Characteristically, the Cynics turned to the habits of lower animals as a source of rhetoric for the most natural way to live. Diogenes' lifestyle, it is said, was inspired by watching a mouse running about: not looking for a place to lie down in, not afraid of the dark, not seeking any of the things which we consider to be dainties. From such observations Diogenes discovered the means of adapting himself to circumstances, and it is from his observation of a snail that his choice of dwelling is said to have been inspired. The ability to roll one’s home around to afford different views, and turn it to protect oneself from wind and rain does seem a very ingenious choice of shelter.

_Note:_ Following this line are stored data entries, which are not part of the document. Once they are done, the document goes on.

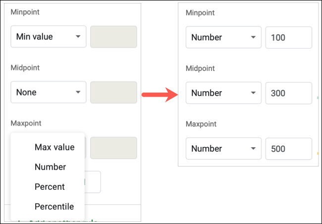 默认情况下,这些值在没有中点的情况下使用色标的最小值和最大值,但您可以在下一个区域调整这些值。您可以为每个选项选择一个数字、百分比或百分位数,并包括中点(如果适用)。然后,在右侧的框中键入这些其他选项的值。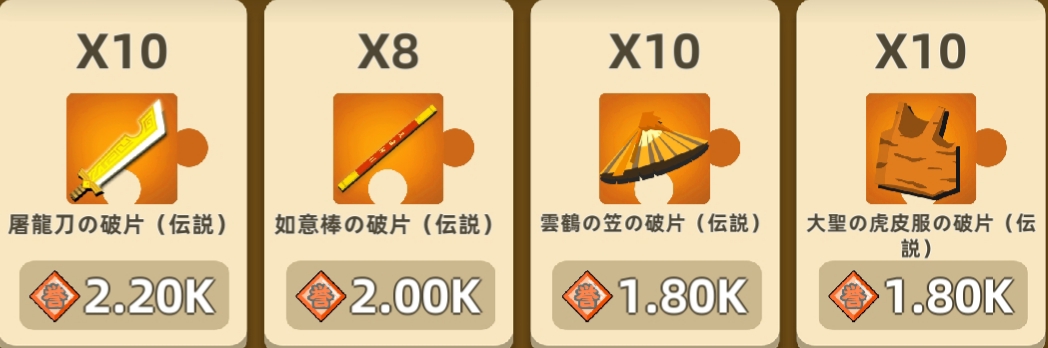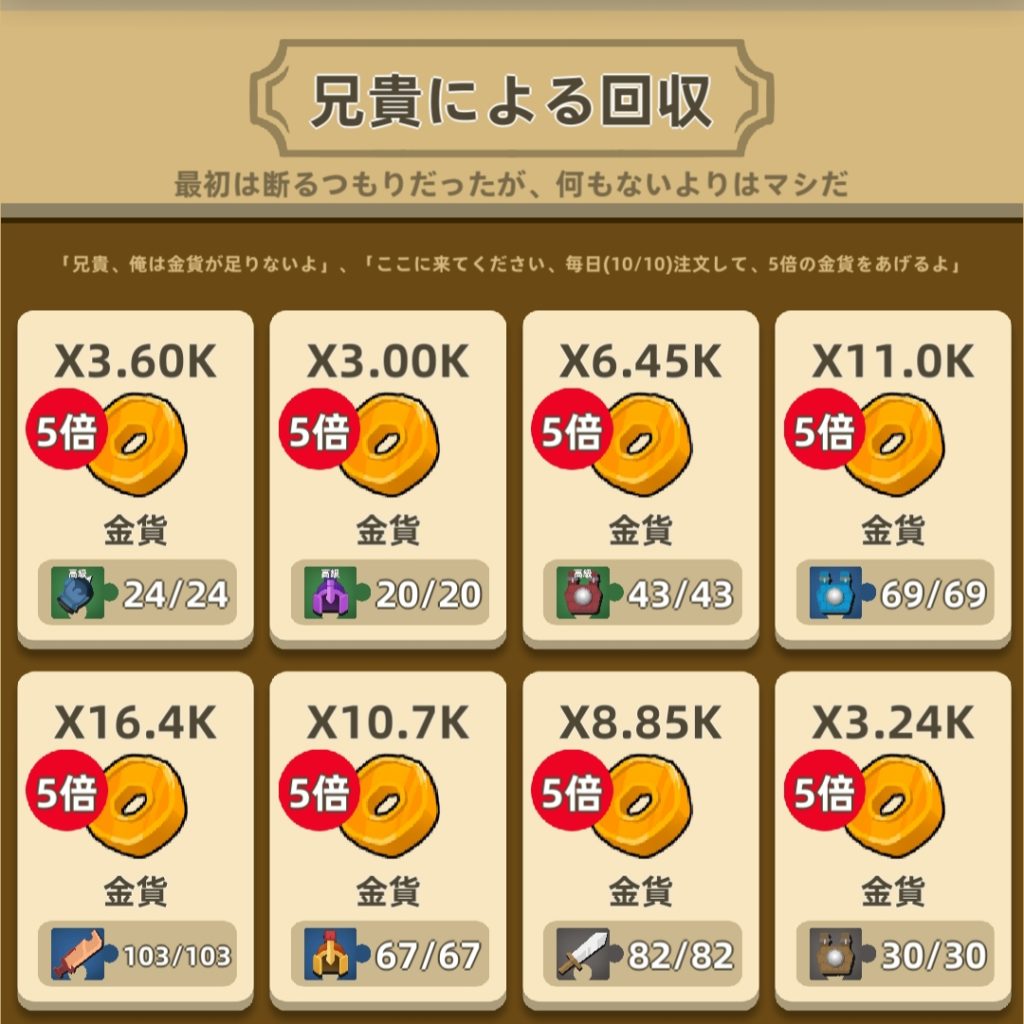 金貨に交換することで手持ちの肥やしとなっていた欠片たちも片付き、よりレアな装備へ投資することが可能となります。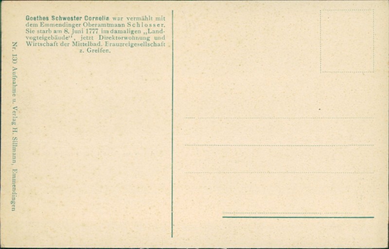 Grabstätte von Cornelia Schlosser geb. Goethe, Sterbehaus von Cornelia Schlosser, eb. Goethe

The term Cynic itself is derived from the Greek kynicos, the adjectival form of the noun for dog and is a literal reference to dog-like appearance and behaviour: fornicating and defecating in public, scavenging for scraps of food, etc. Diogenes was himself nicknamed ‘the Dog’ because of his growling, snapping demeanour. In his indifference to the waste of his own body, Diogenes marks himself out from the pretensions of human beings’ sham sophistication. He lays bare his own mortality, and in so doing becomes the living embodiment of the mortality and fragility of people in general. He reinforces his own position on the margins of society, a society which in turn rejects his Cynic lifestyle as base and inhuman in order to reinforce its own higher level of functioning. When Diogenes pisses, farts, defecates and masturbates in public, he is doing no more than a ridiculing the artificial conventions of society around him. Peter Sloterdijk gets straight to the point of this whole issue regarding the Cynics’ relationship to human waste:
“As children of an anal culture, we all have a more or less disturbed relation to our own shit . . . The relationship that is drummed into people with regard to their own excretions provides the model for their behaviour with all sorts of refuse in their lives . . . Diogenes is the only Western philosopher who we know consciously and publicly performed his animal business . . . Those who do not want to admit that they produce refuse . . . risk suffocating one day in their own shit.”

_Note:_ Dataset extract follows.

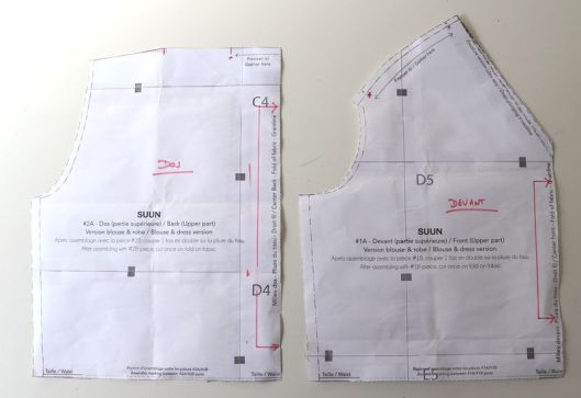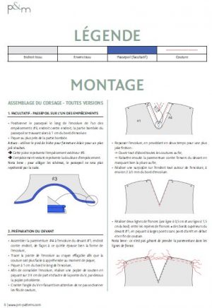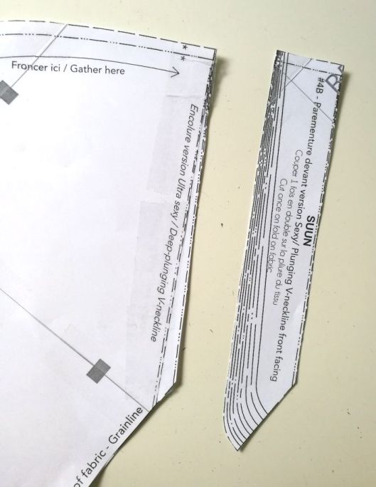 Ce qui ne m’a plu que moyennement c’est le tracé de l’encolure dont le gabarit est à positionner par nos soins. Il faut en effet scotcher l’encolure choisie sur la pièce devant du corsage en faisant coïncider à la fois le milieu devant et le bord supérieur. Par contre, ce qui est bien, c’est que les parementures sont, quant à elles, des pièces bien distinctes : il y a donc trois parementures selon le décolleté choisi.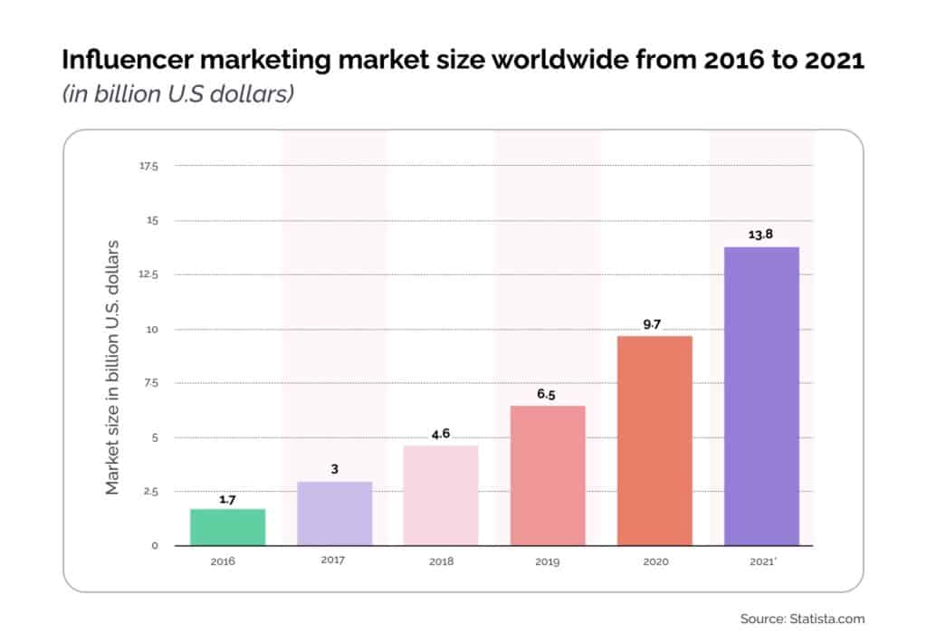 そのためにクリエーターエコノミーに感謝することができます。 世界のインフルエンサーマーケティングの市場規模は2019年以来2倍以上になっています。そうです、あなたはその権利を読んでいます。 Statistaによると、市場は2021年に記録的な138億ドルと評価され、その増加は単純です。 購入者は、他の購入者、または少なくとも対象分野の専門家(SME)であると主張する人々を信頼します。

Or as Jacques Lacan put it:
“The characteristic of a human being is that - and this is very much in contrast with other animals - he doesn’t know what to do with his shit. . . . Occupying an uncertain and troubling space between a nature that is never surpassed and a culture that is never closed off, shit defines civilisation.”

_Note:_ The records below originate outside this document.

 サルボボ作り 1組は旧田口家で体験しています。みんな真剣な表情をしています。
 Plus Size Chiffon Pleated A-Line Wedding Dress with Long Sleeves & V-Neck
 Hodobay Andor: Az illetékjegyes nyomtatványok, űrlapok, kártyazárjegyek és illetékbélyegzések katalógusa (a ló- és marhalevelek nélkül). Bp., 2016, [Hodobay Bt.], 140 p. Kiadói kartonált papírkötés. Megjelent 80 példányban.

Abjection is of course a human construct. Those who transgress their own rules of civilized behaviour act in ways that animals never could. And yet, paradoxically, animals have become the symbol for that which humans have striven to eject from their own nature. And so for the Cynics, their simple lifestyle protected them and removed any possibility of an Icarian collapse as their asceticism left them with nowhere to fall. Diogenes’ pupil Crates even considered Diogenes tub a luxury. Living an ascetic life style removed the possibility of destitution because the Cynic had already cast themself down out of a positive choice of lifestyle.
Clearly I’m not suggesting here that the answer to our current difficulties would be resolved by us all abandoning our current lifestyles and going off to live in barrels; for starters we do not all enjoy a Mediterranian climate. But we ignore the wisdom of the ancients at our peril. The world’s bankers would have done well to consider the lesson of Icarus. For the spectacular collapse of the god of free market economics in 2008 that has turned the lives of many of us upside down was already predicted by those much wiser than ourselves over 2,000 years ago (original 'occupation', 4th century b.c.).